▶ Aim of the exercise
Would you please output, word for word, the span of the listing below that opens on the line containing "Внимание! 66 школа" and closes on the line containing "Acogedor con un"? Include both ends and nothing more.

▶ Available data

________

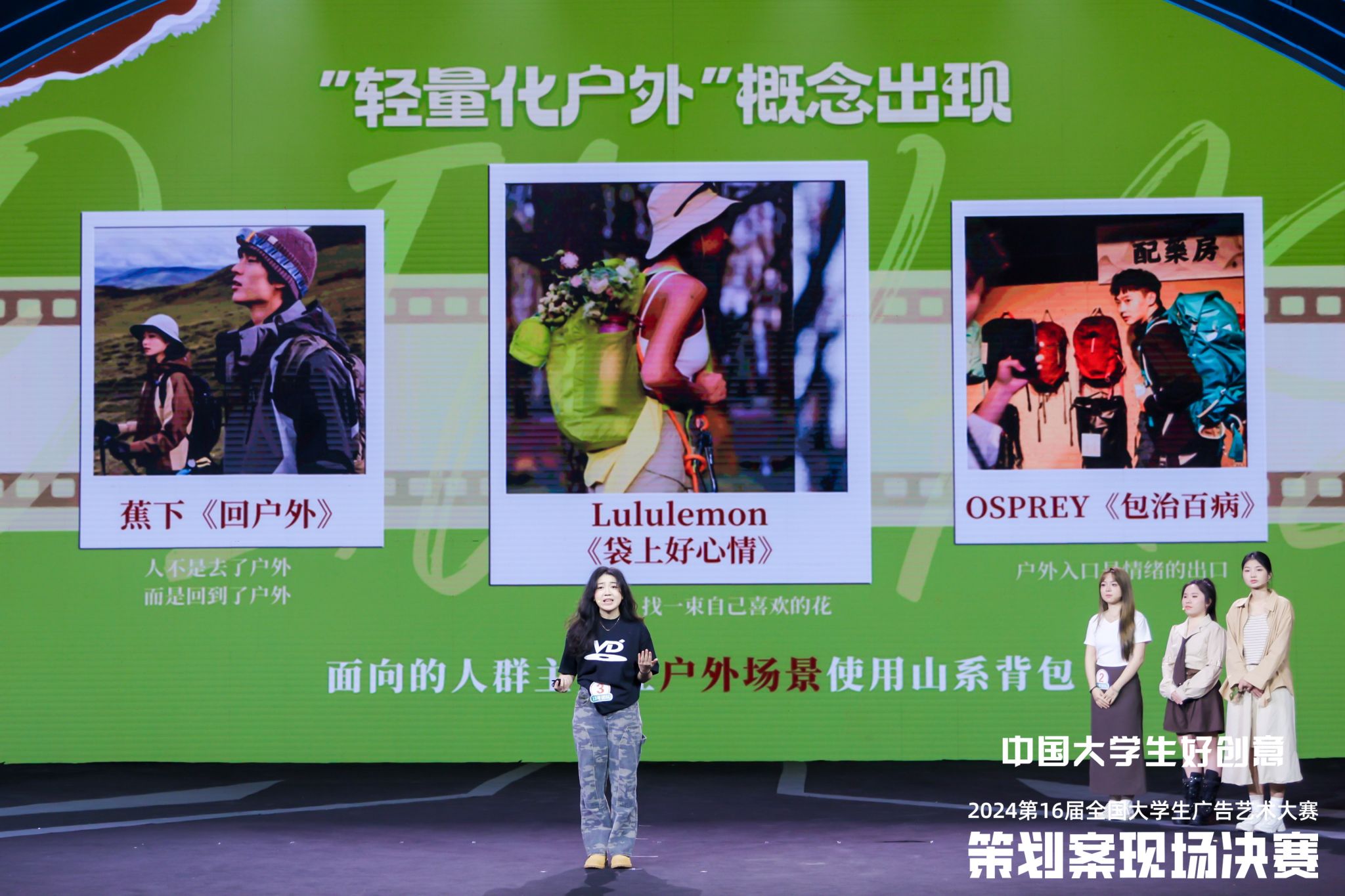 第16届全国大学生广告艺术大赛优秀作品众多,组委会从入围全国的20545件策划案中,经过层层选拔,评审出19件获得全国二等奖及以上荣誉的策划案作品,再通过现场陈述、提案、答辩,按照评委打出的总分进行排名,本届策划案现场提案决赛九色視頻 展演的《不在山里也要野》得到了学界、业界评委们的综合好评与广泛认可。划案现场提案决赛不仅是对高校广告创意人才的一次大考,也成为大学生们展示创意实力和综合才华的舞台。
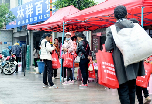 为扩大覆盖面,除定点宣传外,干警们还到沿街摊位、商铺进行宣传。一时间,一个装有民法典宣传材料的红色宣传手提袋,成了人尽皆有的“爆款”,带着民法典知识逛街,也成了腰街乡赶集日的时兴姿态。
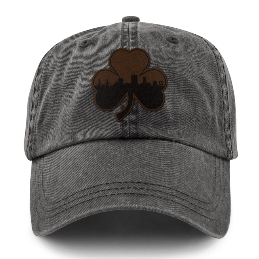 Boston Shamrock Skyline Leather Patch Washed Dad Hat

________

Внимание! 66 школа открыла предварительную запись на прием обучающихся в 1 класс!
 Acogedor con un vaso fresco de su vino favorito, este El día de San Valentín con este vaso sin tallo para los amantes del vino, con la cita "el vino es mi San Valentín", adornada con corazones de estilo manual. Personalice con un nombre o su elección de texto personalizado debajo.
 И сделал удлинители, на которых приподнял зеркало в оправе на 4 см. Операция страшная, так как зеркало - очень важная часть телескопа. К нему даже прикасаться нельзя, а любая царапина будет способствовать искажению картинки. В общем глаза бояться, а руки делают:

________

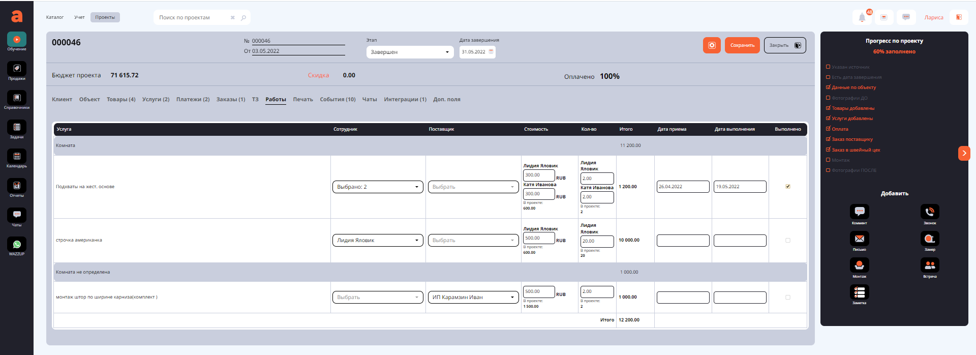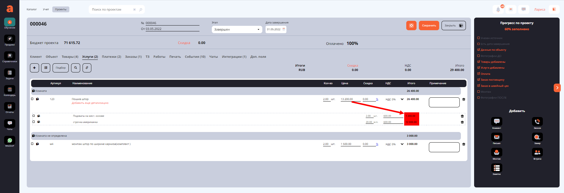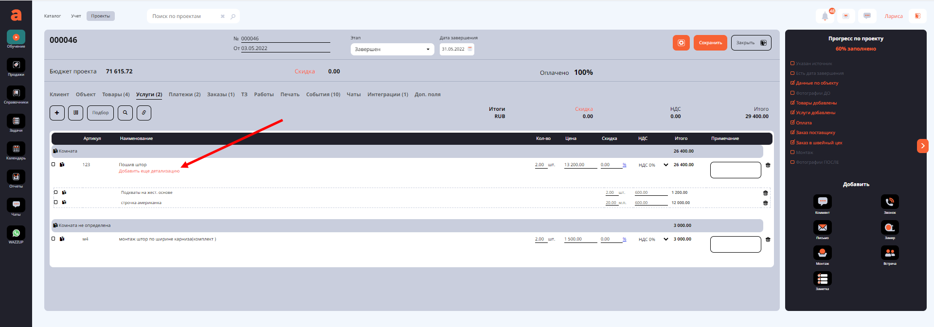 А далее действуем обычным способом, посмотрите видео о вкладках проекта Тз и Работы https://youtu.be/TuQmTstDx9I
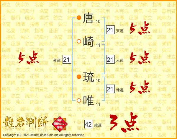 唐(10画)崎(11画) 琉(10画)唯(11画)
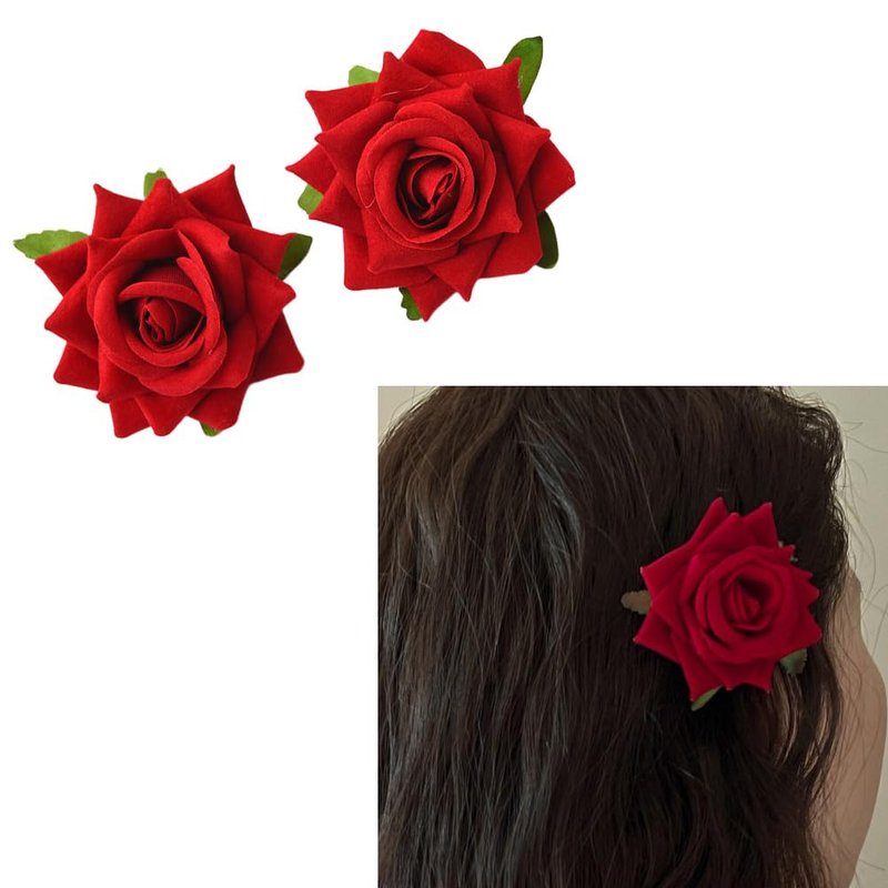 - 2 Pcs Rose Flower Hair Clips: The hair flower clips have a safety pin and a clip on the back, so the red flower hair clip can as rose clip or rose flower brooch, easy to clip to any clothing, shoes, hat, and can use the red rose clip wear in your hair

________

▶ Exercise solution
Внимание! 66 школа открыла предварительную запись на прием обучающихся в 1 класс!
 Acogedor con un vaso fresco de su vino favorito, este El día de San Valentín con este vaso sin tallo para los amantes del vino, con la cita "el vino es mi San Valentín", adornada con corazones de estilo manual. Personalice con un nombre o su elección de texto personalizado debajo.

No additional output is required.